Re: [sched,rcu] b84c4e08143: +3.1% will-it-scale.per_thread_ops

Paul E. McKenney Mon, 21 Apr 2014 18:51:23 -0700

On Sat, Apr 19, 2014 at 04:11:46PM +0800, Fengguang Wu wrote:
> On Thu, Apr 17, 2014 at 06:55:03AM -0700, Paul E. McKenney wrote:
> > On Thu, Apr 17, 2014 at 12:03:53PM +0800, Fengguang Wu wrote:
> > > Hi Paul,
> > > 
> > > FYI, this improves will-it-scale/open1 throughput.
> > 
> > Cool!  Not a planned benefit, but I will take it.  ;-)
> > 
> > > git://git.kernel.org/pub/scm/linux/kernel/git/paulmck/linux-rcu.git 
> > > dev.2014.04.14a
> > > commit b84c4e08143c98dad4b4d139f08db0b98b0d3ec4 ("sched,rcu: Make 
> > > cond_resched() report RCU quiescent states")
> > 
> > But how should I read the data below?  I see lots of positive percentages
> > and lots of negative percentages for the delta, and all near zero for
> > standard deviation.  Is the overall improvement an average of these or
> > some such?  What is being measured?
> 
> There are a lot of things being measured, which are shown after each
> "TOTAL".  For example, to get an overview of the report:


OK, let me see if I understand this...

> grep "TOTAL" this_email
> 
>      563496 ~ 0%      +3.1%     581059 ~ 0%  TOTAL 
> will-it-scale.per_thread_ops
>      756894 ~ 0%      +2.8%     778452 ~ 0%  TOTAL 
> will-it-scale.per_process_ops

These two look like improvements, albeit small ones.

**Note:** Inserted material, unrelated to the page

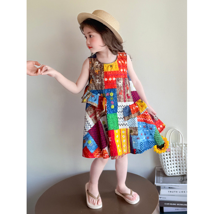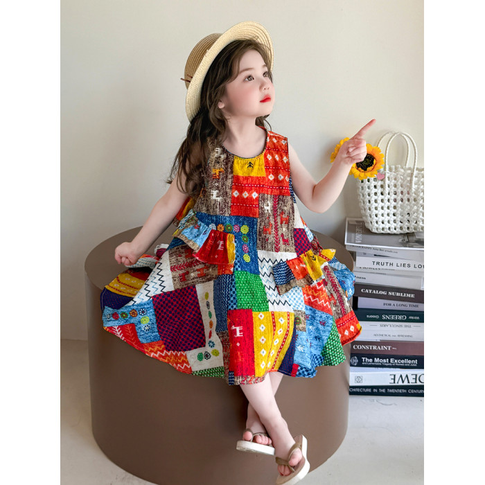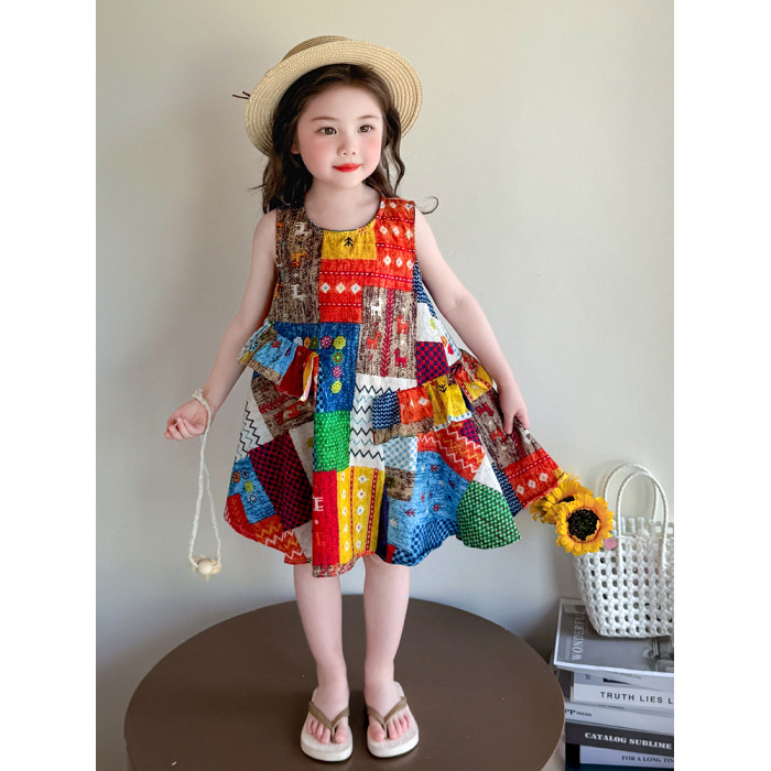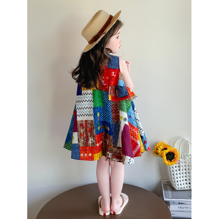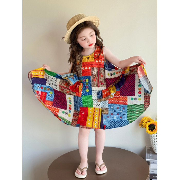 女童彩色格子拼接背心裙波西米亞兒童連衣裙三亞度假海邊沙灘裙子

>        0.57 ~ 0%      -2.7%       0.55 ~ 0%  TOTAL will-it-scale.scalability

This one looks like a degradation, again small.

>      346764 ~ 2%     -74.0%      90164 ~ 1%  TOTAL 
> slabinfo.kmalloc-256.active_objs
>       10837 ~ 2%     -73.9%       2824 ~ 1%  TOTAL 
> slabinfo.kmalloc-256.active_slabs
>       10837 ~ 2%     -73.9%       2824 ~ 1%  TOTAL 
> slabinfo.kmalloc-256.num_slabs
>      346821 ~ 2%     -73.9%      90393 ~ 1%  TOTAL 
> slabinfo.kmalloc-256.num_objs
>      105961 ~ 1%     -63.0%      39153 ~ 1%  TOTAL meminfo.SUnreclaim
>       26432 ~ 1%     -62.9%       9814 ~ 1%  TOTAL 
> proc-vmstat.nr_slab_unreclaimable

The above all look great -- about the same amount of work done with a
lot less work on the part of the Linux kernel's memory-management system.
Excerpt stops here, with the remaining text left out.